The station was a crowded mess, and the smells and emotions assaulted him from everywhere. He couldn’t understand how people could stand it, but then he’d actually found himself coming to bear it after living on Imperial Centre for the last year.


The Citadel itself, despite also being continuously growing and filled with people of all kinds, was thoroughly clean and the air was meticulously recycled, and incredibly strict standards of cleanliness and conduct meant that garbage and the general detritus that comes with life did not build up within its walls.

The air bus opened its doors and people of all kinds were almost vomited out; they spilled from within in a way that coincided with the sudden ‘noise’ of their emotions and presences in the Force.

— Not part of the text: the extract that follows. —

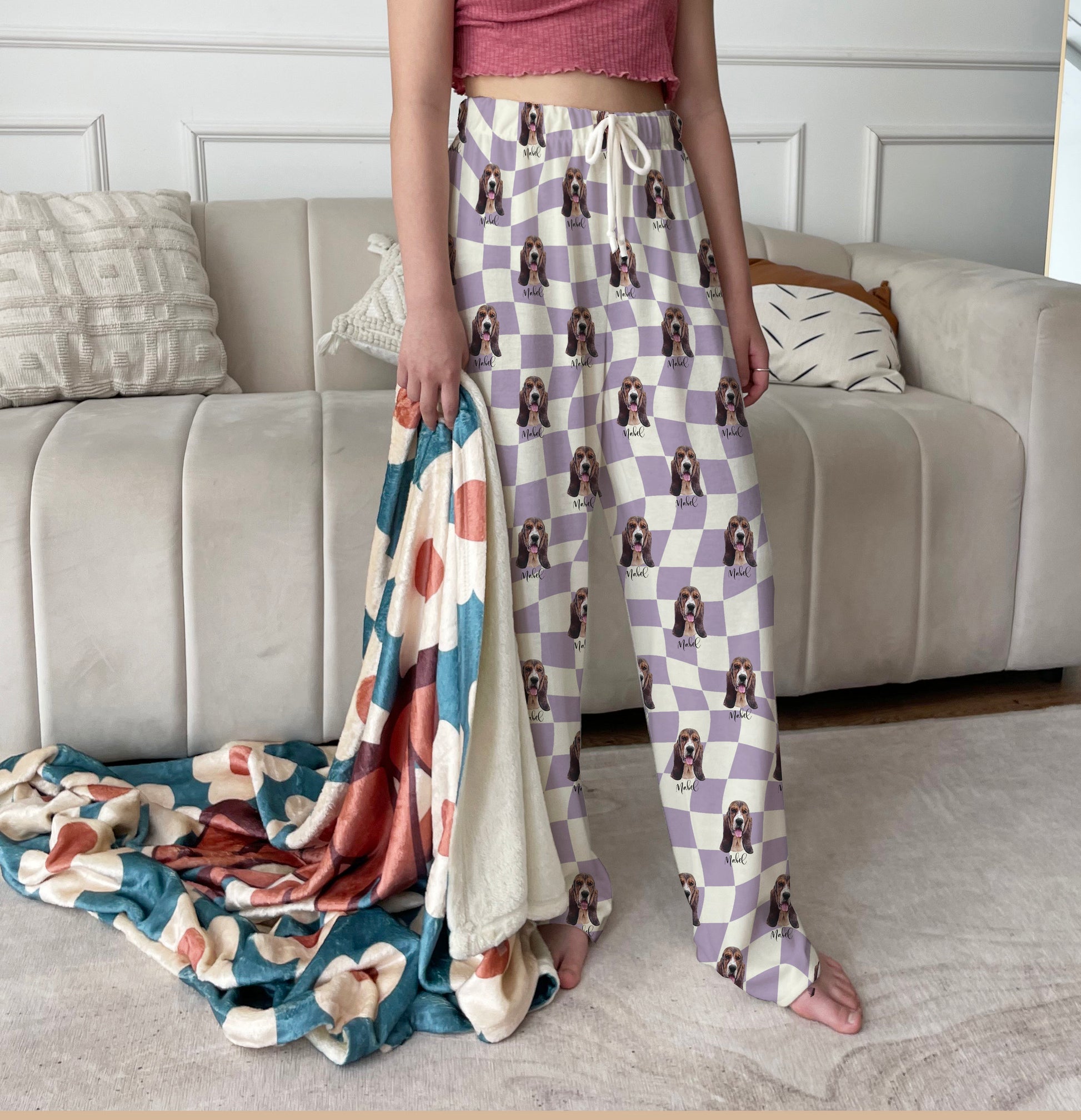Custom Checkered Pet Photo Pajama Pants: Personalized Dog Cat Gift

With his training, he was much more aware of these feelings, and much more aware of how they were not his.


He clenched his fists and focused, breathing deeply and letting out his anxieties, frustrations, and allowing the frenzy of all the people around to flow through him without really impacting his frame of mind. It was all about self-awareness, at the end of it. As long as he was aware of what was his, and what wasn’t, he’d be able to weather the torrent of feelings Imperial Centre carried with it.

“Now boarding,” chimed over the speakers from within the bus. He stood and stretched, and padded lightly to the eighty-seater, keeping his head down. “Now boarding. Stops in Tarkin, Pellaeon, Palpatine Forums; continues to Chiba, continues to Chiba.”

Khoovi found a seat and settled in quickly, curling down and looking out the viewport as the bus filled up, and wondered how long it would take before he’d be noticed, either for his size, or for his appearance. Most other Shistavanen he’d seen were shaggy and unkempt, whereas his fur was trimmed and neat, if still a bit wild. It singled him out as different, and even on a planet where ties and loyalties were often formed on the basis of one’s (former) homeworld, if you didn’t really look or feel like the rest of your species, you weren’t really one of them.

With one clawed hand, he reached up and mussed his hair.